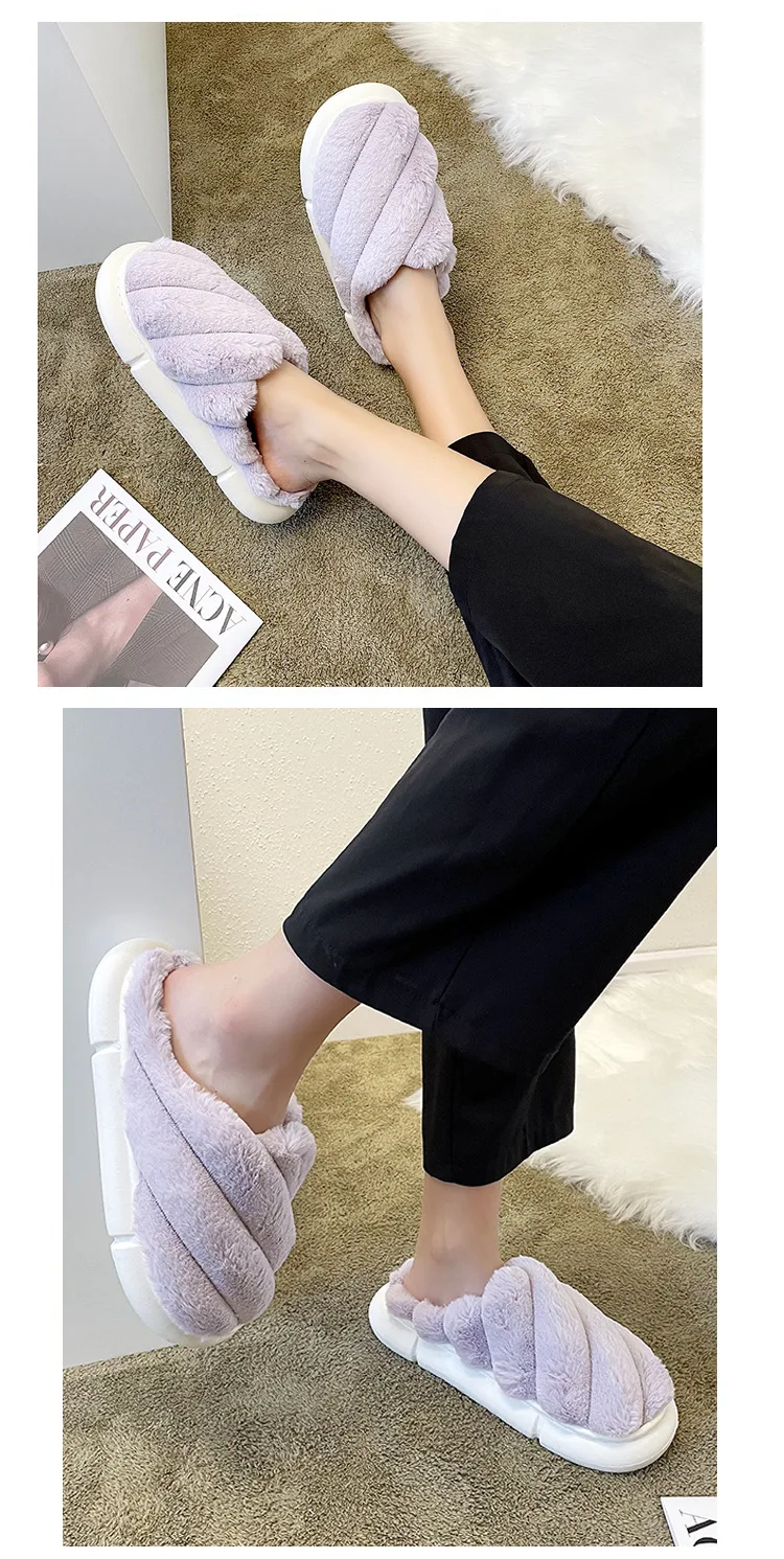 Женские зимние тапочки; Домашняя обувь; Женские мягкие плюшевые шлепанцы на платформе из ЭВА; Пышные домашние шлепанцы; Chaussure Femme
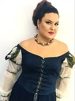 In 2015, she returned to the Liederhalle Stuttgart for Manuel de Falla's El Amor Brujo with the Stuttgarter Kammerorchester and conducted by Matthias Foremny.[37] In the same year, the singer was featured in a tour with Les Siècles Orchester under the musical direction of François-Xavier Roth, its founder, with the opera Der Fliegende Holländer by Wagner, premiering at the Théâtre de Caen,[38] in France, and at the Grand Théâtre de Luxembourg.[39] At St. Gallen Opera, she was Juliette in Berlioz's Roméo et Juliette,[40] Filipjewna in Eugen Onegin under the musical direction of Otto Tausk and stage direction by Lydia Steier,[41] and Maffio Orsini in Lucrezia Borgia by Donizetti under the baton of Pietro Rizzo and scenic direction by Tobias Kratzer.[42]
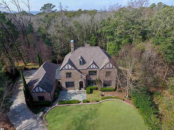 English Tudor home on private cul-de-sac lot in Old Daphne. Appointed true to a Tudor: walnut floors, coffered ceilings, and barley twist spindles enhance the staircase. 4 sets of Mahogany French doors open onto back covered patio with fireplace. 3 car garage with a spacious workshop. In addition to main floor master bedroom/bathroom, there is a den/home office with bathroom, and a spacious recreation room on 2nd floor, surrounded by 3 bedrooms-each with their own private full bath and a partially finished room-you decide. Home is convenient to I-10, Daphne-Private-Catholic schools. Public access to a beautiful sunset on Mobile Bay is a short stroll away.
┄┄┄┄┄┄
Set the entire listing down again, exact in every line, without any pictures.

 Женские зимние тапочки; Домашняя обувь; Женские мягкие плюшевые шлепанцы на платформе из ЭВА; Пышные домашние шлепанцы; Chaussure Femme
 In 2015, she returned to the Liederhalle Stuttgart for Manuel de Falla's El Amor Brujo with the Stuttgarter Kammerorchester and conducted by Matthias Foremny.[37] In the same year, the singer was featured in a tour with Les Siècles Orchester under the musical direction of François-Xavier Roth, its founder, with the opera Der Fliegende Holländer by Wagner, premiering at the Théâtre de Caen,[38] in France, and at the Grand Théâtre de Luxembourg.[39] At St. Gallen Opera, she was Juliette in Berlioz's Roméo et Juliette,[40] Filipjewna in Eugen Onegin under the musical direction of Otto Tausk and stage direction by Lydia Steier,[41] and Maffio Orsini in Lucrezia Borgia by Donizetti under the baton of Pietro Rizzo and scenic direction by Tobias Kratzer.[42]
 English Tudor home on private cul-de-sac lot in Old Daphne. Appointed true to a Tudor: walnut floors, coffered ceilings, and barley twist spindles enhance the staircase. 4 sets of Mahogany French doors open onto back covered patio with fireplace. 3 car garage with a spacious workshop. In addition to main floor master bedroom/bathroom, there is a den/home office with bathroom, and a spacious recreation room on 2nd floor, surrounded by 3 bedrooms-each with their own private full bath and a partially finished room-you decide. Home is convenient to I-10, Daphne-Private-Catholic schools. Public access to a beautiful sunset on Mobile Bay is a short stroll away.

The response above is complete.